Bis zu 300m lange Warteschlangen bildeten sich vor Banken und Geldautomaten. Die Menschen schliefen vor den Bankschaltern, um am nächsten Tag an Bargeld zu kommen oder um die nun ungültigen Banknoten umzutauschen. Am frühen Nachmittag war oft kein Bargeld mehr in den Kassen, und die Menschen wurden nach stundenlangem Warten nach Hause geschickt. Landesweit kam es zu dutzenden Toten, die entweder an Erschöpfung, Herzinfarkt oder Dehydrierung gestorben sind. Zum Glück hatten wir noch Euros in bar dabei, um diese in Wechselbüros in Rupien umzutauschen.
Armut
Indien ist mit Abstand das ärmste Land, das wir bisher bereist haben. Wir hatten die Gelegenheit, durch die Salesianer den größten Slum Indiens, Dharavi in Mumbai, zu besuchen. Hier unterstützen die Salesianer vor allem die Frauen. Sie leiten „Self-Empowerment“-Gruppen, geben kleine Kredite und ermöglichen den Frauen, eigenständig für Ihre Familien zu sorgen. Auf dem Weg durch die Stadt oder durch den Slum sahen wir fast leblose Menschen am Straßenrand liegen, Kinder in zu großen, abgenutzten T-Shirts, die jeden mit großen Augen anbetteln. Müllberge und äußerst miserable hygienische Zustände, unter denen die Ärmsten der Armen ihr Leben zu meistern versuchen, sind allgegenwärtig in ganz Indien. Es ist schwierig zu erklären, wie ein Slum oder ein heruntergekommenes Viertel aussieht und wie man sich dort fühlt, wenn man da durchgeht.
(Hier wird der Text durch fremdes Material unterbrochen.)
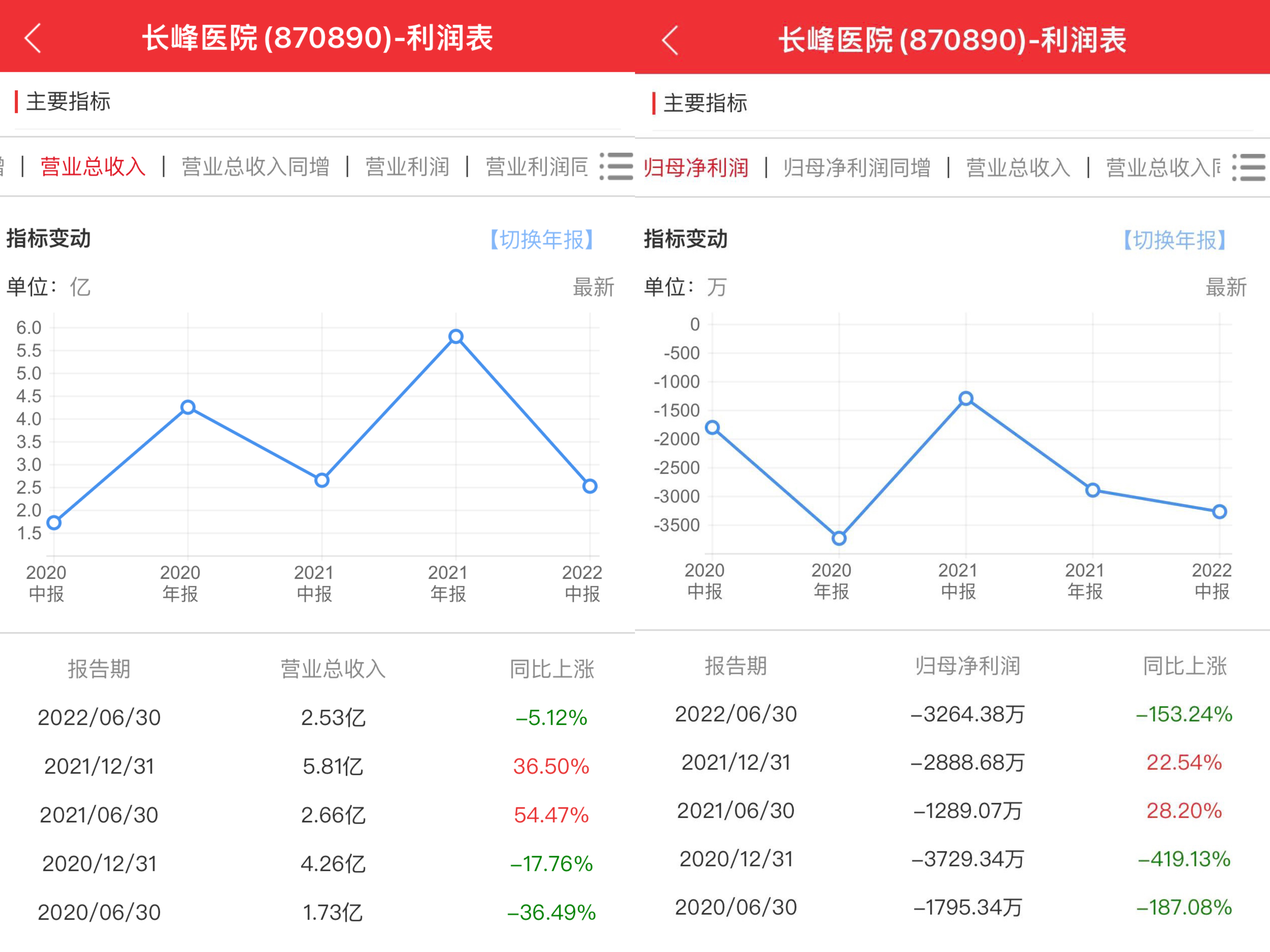 但其實(shí),目前長(zhǎng)峰醫(yī)院的經(jīng)營(yíng)情況不容樂觀。自2019年起,長(zhǎng)峰醫(yī)院經(jīng)營(yíng)便出現(xiàn)了異常,并自2020年起陷入持續(xù)虧損。2020年長(zhǎng)峰醫(yī)院歸母凈虧損為3729.34萬元,2021年雖實(shí)現(xiàn)了營(yíng)收的回升,但報(bào)告期內(nèi)歸母凈虧損仍為2888.68萬元。
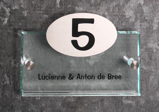 Het glas van dit naambordje is extra dik. De RVS voorplaat heeft voldoende ruimte voor uw huisnummer
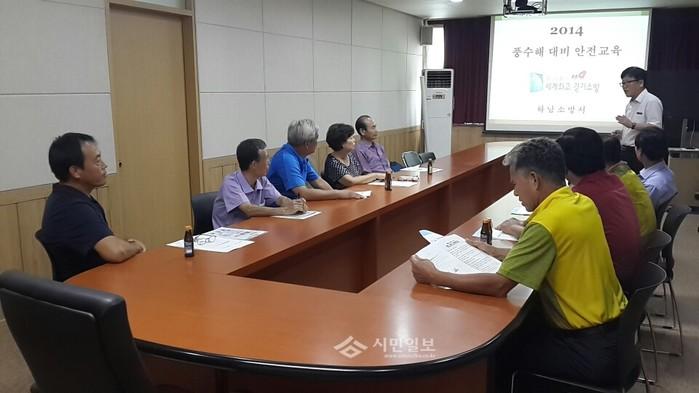 [시민일보=전용원 기자] 하남소방서(서장 음두호)는 지난 1일 오후 본서 2층 소회의실에서 하남시 동 별 통장님 10여명이 참석한 가운데 풍수해 대비태세 확립을 위한 「2014 풍수해 대비 안전교육」을 실시했다.
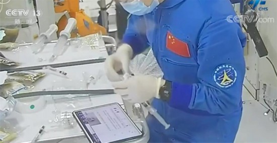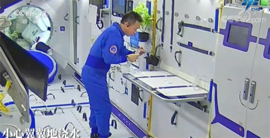 这是在问天实验舱,蔡旭哲手里拿的是什么?看上去像是一个小小的机械臂。没错,中国空间站除了有舱外的大机械臂、小机械臂,还有一个舱内的灵巧机械臂,这个灵巧机械臂用于在科学手套箱内的一些精细化操作。问天实验舱内,蔡旭哲种植的植物长势喜人,看来种菜这件事,蔡旭哲还挺在行,这是他在小心翼翼地用水袋给花盆里加水。有了绿色植物,太空家园里显得更有生机。对问天舱进行维护也是航天员在轨期间的一项重要工作。目前,梦天实验舱发射在即,航天员在轨工作状态良好,让我们一起期待梦天实验舱的到来。
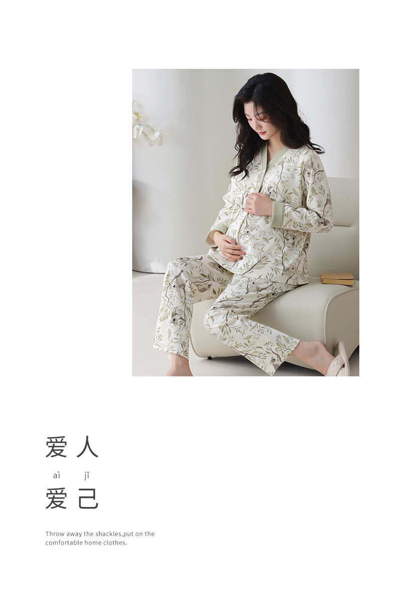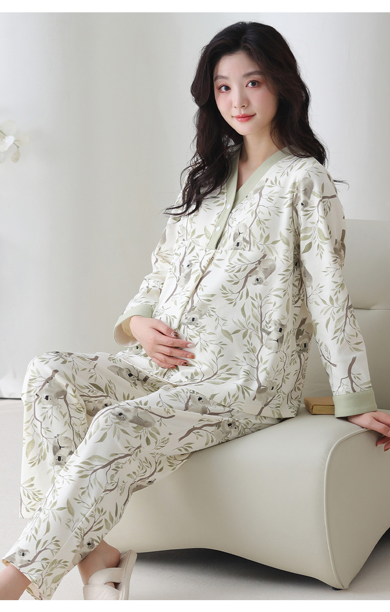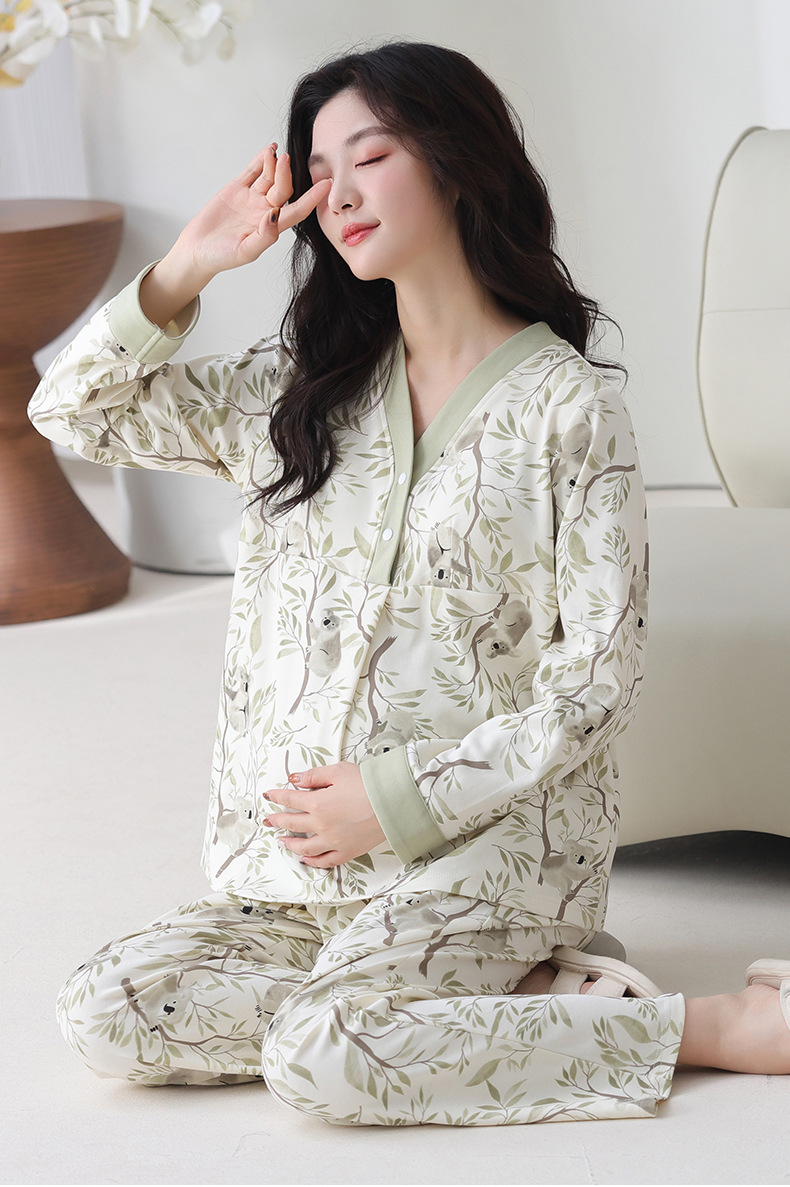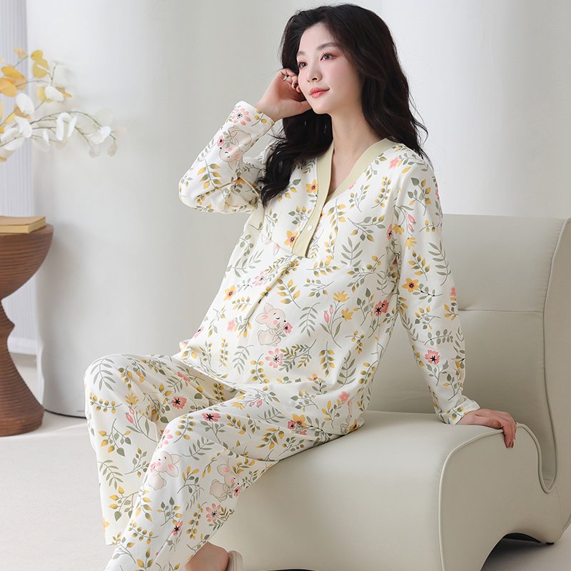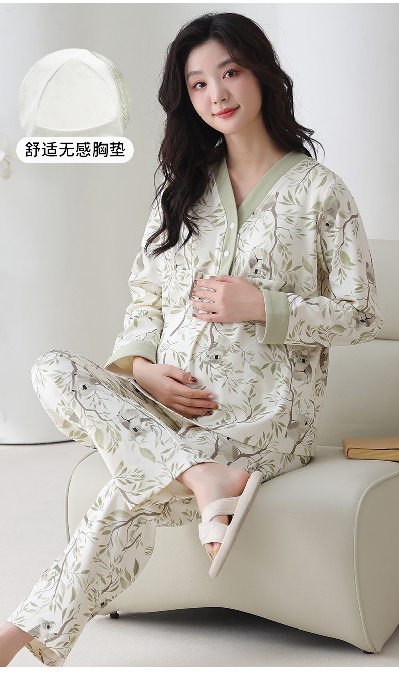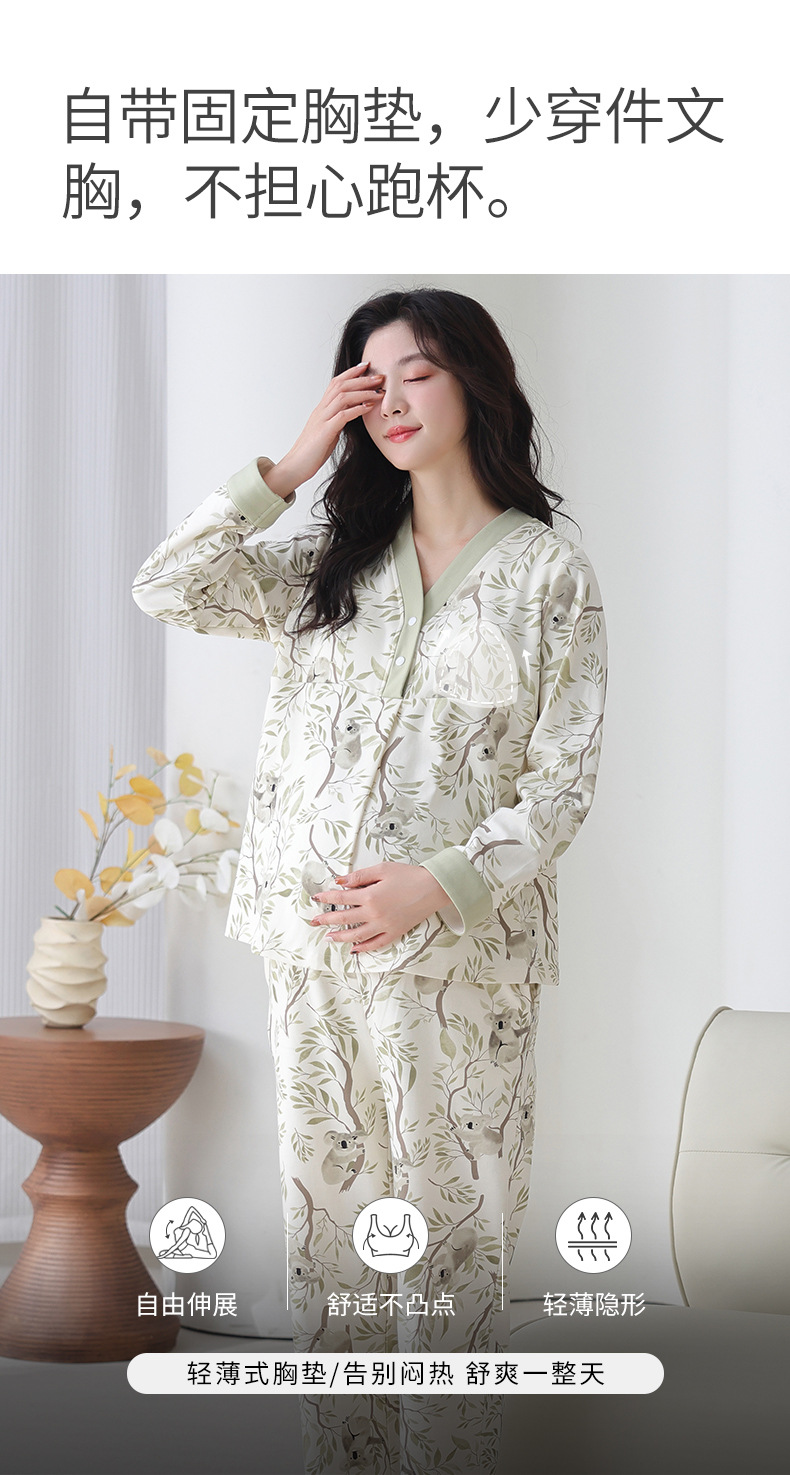 흉부 패드가있는 순면 임산부 월간 옷 잠옷 봄 · 가을 긴 소매 플러스 사이즈 산전 및 산후 모유 수유 홈 옷

Offiziell hat die indische Regierung einen Lohn pro Tag errechnet, mit dem ein Arbeiter noch nicht als arm gilt. Der Wert liegt bei 32 Rupien pro Tag, was umgerechnet ca. 50 Eurocent wären. Wie kann ein Mensch mit diesem Lohn als nicht-arm gelten?
Auf unserer Reise durch sehr verlassene, aber wunderschöne Gegenden mit sehr schlechten und kleinen Straßen sahen wir Familien, die unter Plastikplanen lebten und Ihre Kleider in verdreckten, nahegelegenen Gewässern wuschen. Die Trinkwasserbeschaffung gestaltet sich ebenfalls als sehr schwierig in weiten Teilen Indiens. Oft müssen vor allem Frauen und Kinder über mehrere Kilometer laufen, um an einen Brunnen zu gelangen.
Vorsicht auf der Straße!
In vielen Berichten haben wir gelesen, dass das Fahren in Indien eine große Herausforderung sei. Dem können wir uns jetzt voll und ganz anschließen.
Nach drei Wochen Pause in Teheran aufgrund der langen Wartezeit für das indische Visum mussten wir Mumbai komplett ohne Training durchfahren. Leider dauert es ein bisschen, bis man aus einer 20-Millionen-Stadt heraus kommt. Zusätzlich mussten wir uns natürlich auch an den Linksverkehr anpassen, was eine höhere Konzentration und vier Augen erfordert. Ein ständiger Rundumblick war nötig, damit wir nicht von einem Auto, LKW oder Moped überfahren oder von Kühen, Wasserbüffeln oder Ziegen aus dem Sattel geschleudert wurden.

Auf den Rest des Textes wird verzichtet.